▶ [STORED DATA]
Segment Open
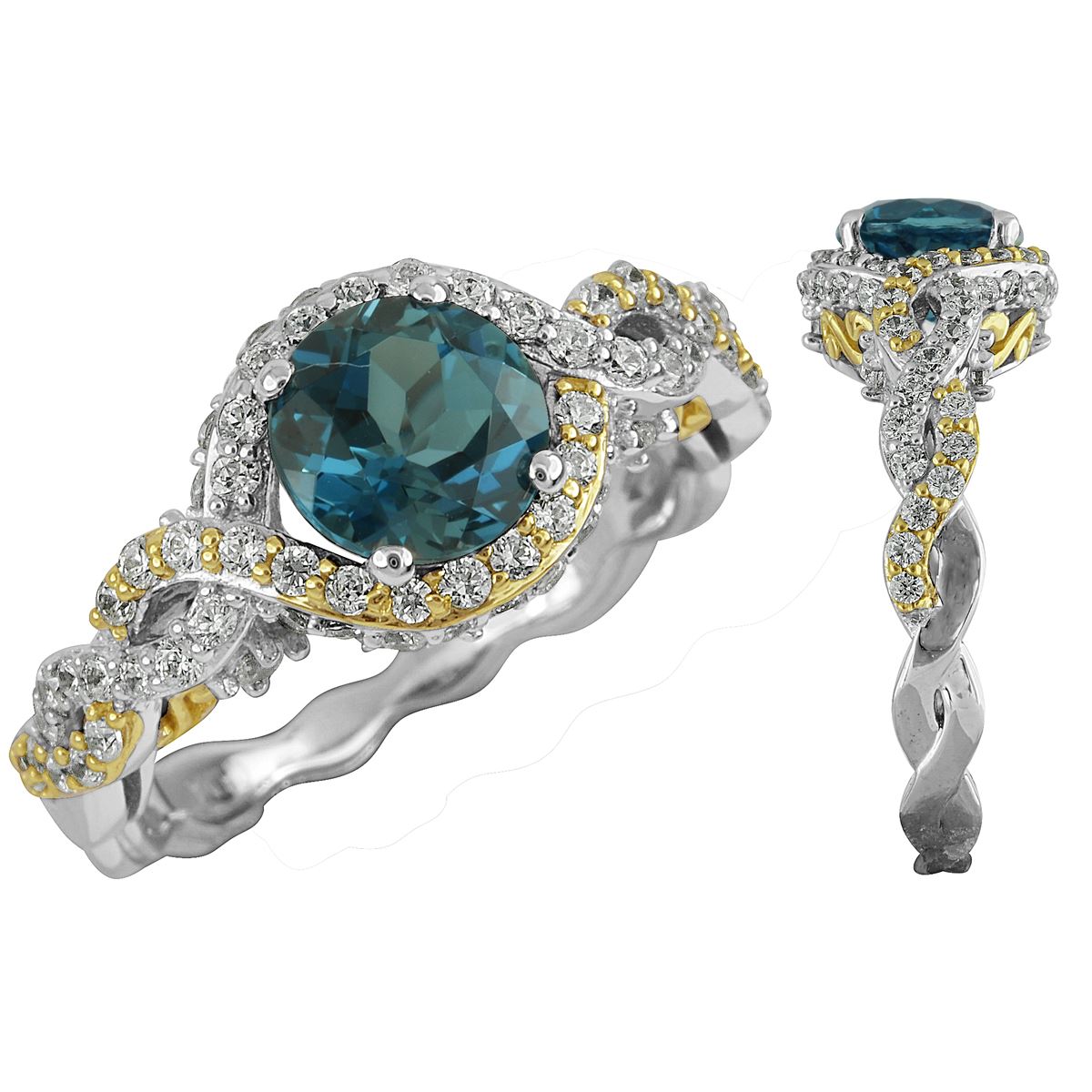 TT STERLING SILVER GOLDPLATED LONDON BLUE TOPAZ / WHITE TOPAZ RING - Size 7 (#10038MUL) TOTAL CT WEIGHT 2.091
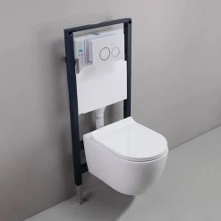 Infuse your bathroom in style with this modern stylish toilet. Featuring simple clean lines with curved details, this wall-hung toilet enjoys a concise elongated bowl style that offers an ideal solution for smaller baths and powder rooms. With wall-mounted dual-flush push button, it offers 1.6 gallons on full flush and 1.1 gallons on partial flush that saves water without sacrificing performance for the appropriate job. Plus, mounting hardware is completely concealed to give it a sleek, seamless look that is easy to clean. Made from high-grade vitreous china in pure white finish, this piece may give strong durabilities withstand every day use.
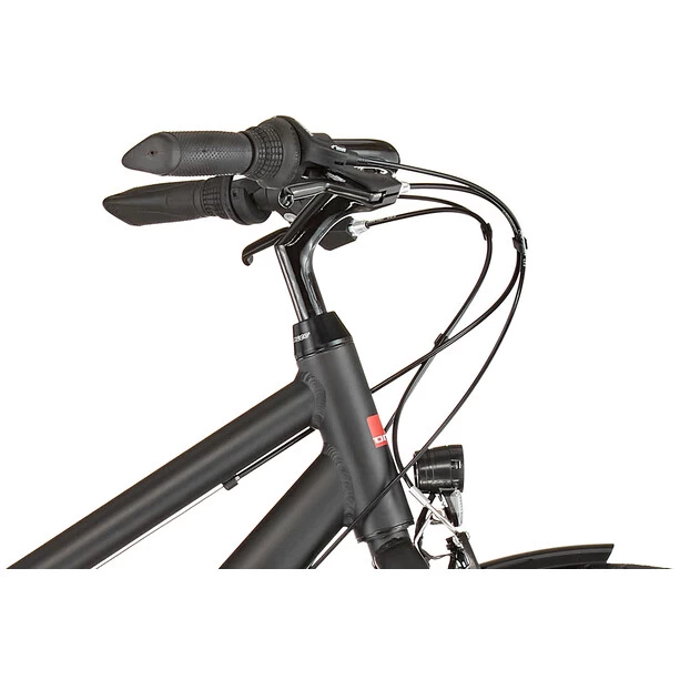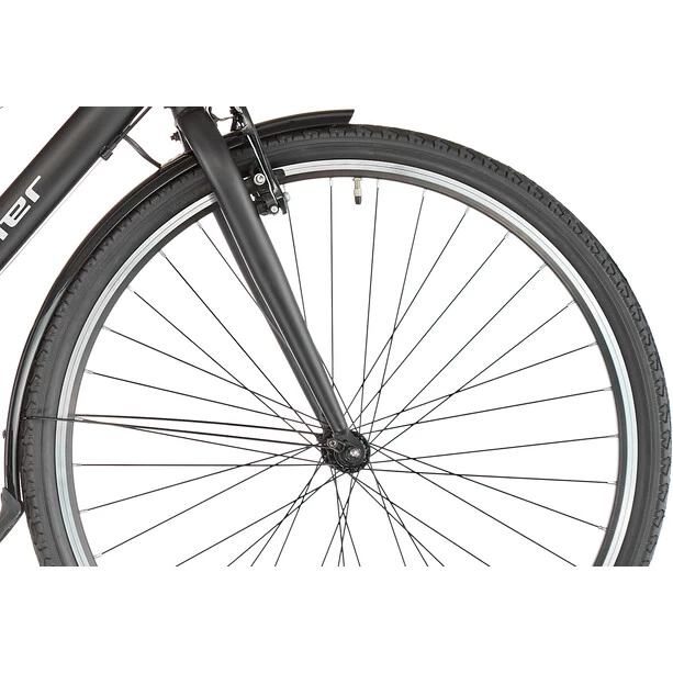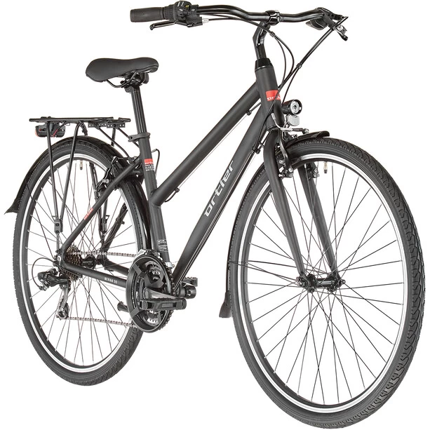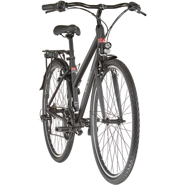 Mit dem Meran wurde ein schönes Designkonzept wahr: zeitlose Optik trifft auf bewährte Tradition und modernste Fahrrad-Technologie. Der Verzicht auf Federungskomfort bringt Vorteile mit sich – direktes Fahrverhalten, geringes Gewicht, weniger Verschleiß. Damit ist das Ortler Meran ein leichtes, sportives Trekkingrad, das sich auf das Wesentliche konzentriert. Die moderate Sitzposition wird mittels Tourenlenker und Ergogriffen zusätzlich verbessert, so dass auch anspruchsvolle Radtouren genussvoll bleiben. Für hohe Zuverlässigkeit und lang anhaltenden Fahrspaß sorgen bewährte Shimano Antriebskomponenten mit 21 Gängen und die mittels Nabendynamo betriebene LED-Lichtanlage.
Segment Closed
▶ [WHAT THE EXERCISE ASKS] Your copy of the data above should match it exactly, apart from the images.

▶ [THE ANSWER]
 TT STERLING SILVER GOLDPLATED LONDON BLUE TOPAZ / WHITE TOPAZ RING - Size 7 (#10038MUL) TOTAL CT WEIGHT 2.091
 Infuse your bathroom in style with this modern stylish toilet. Featuring simple clean lines with curved details, this wall-hung toilet enjoys a concise elongated bowl style that offers an ideal solution for smaller baths and powder rooms. With wall-mounted dual-flush push button, it offers 1.6 gallons on full flush and 1.1 gallons on partial flush that saves water without sacrificing performance for the appropriate job. Plus, mounting hardware is completely concealed to give it a sleek, seamless look that is easy to clean. Made from high-grade vitreous china in pure white finish, this piece may give strong durabilities withstand every day use.
 Mit dem Meran wurde ein schönes Designkonzept wahr: zeitlose Optik trifft auf bewährte Tradition und modernste Fahrrad-Technologie. Der Verzicht auf Federungskomfort bringt Vorteile mit sich – direktes Fahrverhalten, geringes Gewicht, weniger Verschleiß. Damit ist das Ortler Meran ein leichtes, sportives Trekkingrad, das sich auf das Wesentliche konzentriert. Die moderate Sitzposition wird mittels Tourenlenker und Ergogriffen zusätzlich verbessert, so dass auch anspruchsvolle Radtouren genussvoll bleiben. Für hohe Zuverlässigkeit und lang anhaltenden Fahrspaß sorgen bewährte Shimano Antriebskomponenten mit 21 Gängen und die mittels Nabendynamo betriebene LED-Lichtanlage.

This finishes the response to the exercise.